This fall, we launched a new program for college students.  It is called the Leadership Development Program (LDP).  We hired six students to work as part time staff for the entire school year.  While they lead different areas of ministry at Athens Church, we try to develop them as leaders.  Part of this is done “on the job” as we oversee them and help them lead their areas, and part of it is done through more formal training times.  Each of the full time staff members has been assigned a couple of Monday afternoons where we are leading them through some content that will hopefully help them be better leaders.

Today is my day to lead them, and I am going to be talking to them about a “culture of grace.”  I am a big believer that churches in the past several decades (and maybe even throughout the majority of Christian history) have not been places characterized by grace.  More often, we are characterized as judgmental, narrow-minded people who are not very understanding of people who don’t measure up to what we consider acceptable Christian living.  However, when I read the New Testament, and specifically when I read about the life of Christ, I see a man who consistently worked to create a culture of grace among his followers.
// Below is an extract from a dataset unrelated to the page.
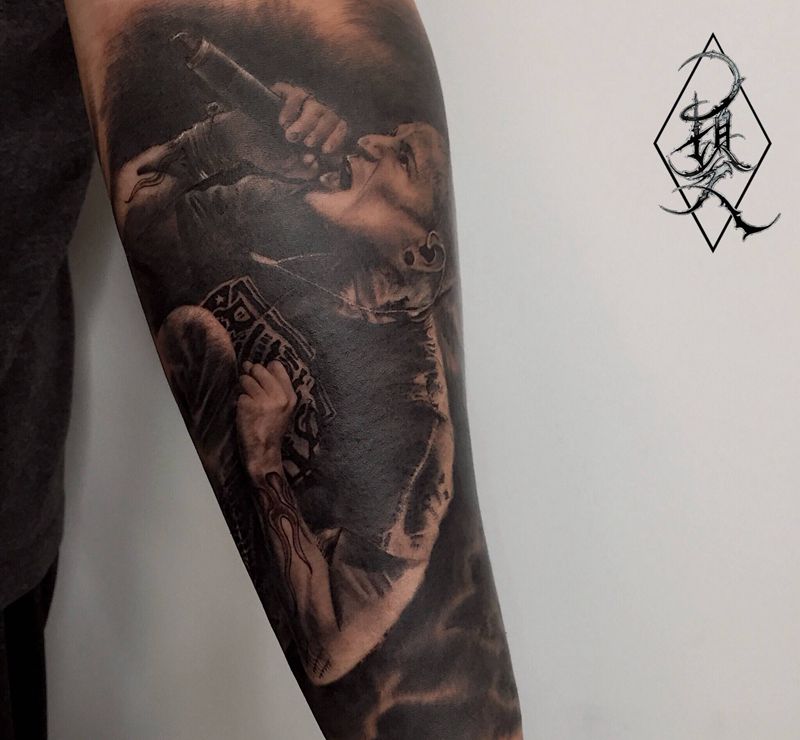 林肯公园欧美写实纹身图片_手臂手部欧美写实纹身图案

One of the most poignant examples if this is found in John 8.  The Pharisees bring to Jesus a woman who was caught in the very act of having sex with someone who was not her husband.  Clearly the woman was wrong and by Jewish Law deserved to be stoned.  As I’m sure you know, Jesus responded in a very different way and the woman was a recipient of Jesus’ culture of grace.  I’m going to be talking to our LDP staff today about four things we can learn from this story about creating a culture of grace.

1. A culture of grace is often misunderstood.  I can guarantee that Jesus took some flack for how he dealt with this woman’s sin.  If not for this specific event, he was maligned regularly for being a “friend of tax collectors and sinners” and for being a “drunkard.”  But Jesus didn’t care about what the religious community or anyone thought about how he was dealing with sinners.  Jesus knew he would be misunderstood for the places he went and for the people he had relationships with.  When you create a culture of grace, people will always misinterpret what you are doing, but you can’t let that stop you.  People need grace.
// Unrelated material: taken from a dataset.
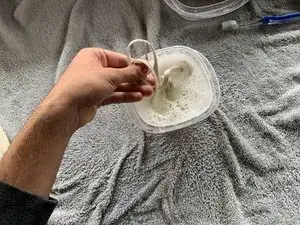 Возьмите новую ёмкость с тёплой водой и смочите ручное полотенце, чтобы удалить грязь, оставшуюся от мыльной воды.

2. A culture of grace always accepts.  In this passage and throughout his life, Jesus always accepted the unacceptable.   The people who were most ostracized from society and the religious community were the ones who felt the most comfortable around Jesus.  You didn’t have to fit into a specific mold to be accepted by Jesus.  You could come like you were.  We have to work hard at this one.  “Unacceptable” people are hard to accept.  But, they need grace.

3. A culture of grace always forgives.  “Let him who is without sin cast the first stone” may be one of Jesus’ best known statements.  It characterizes what Jesus defaulted to- forgiveness.  When there is a choice between forgiveness and judgment, Jesus always chose forgiveness.  We must be a people who extend forgiveness to people no matter where they have been or what they have done.  They must be welcomed into Christian community with open arms.

4. A culture of grace always offers a better way.  A culture that only accepts and forgives is not a culture of grace at all.  It is not gracious to allow people to continue in the pattern of sin that is ruining their life.  We need to model the way of Jesus and tell people “neither do I condemn you, go and sin no more.”  In other words, you are accepted and forgiven of your past, but I can show you the way to happiness and fulfillment for the future- a way of true freedom.

May our churches be characterized as displaying a culture of grace.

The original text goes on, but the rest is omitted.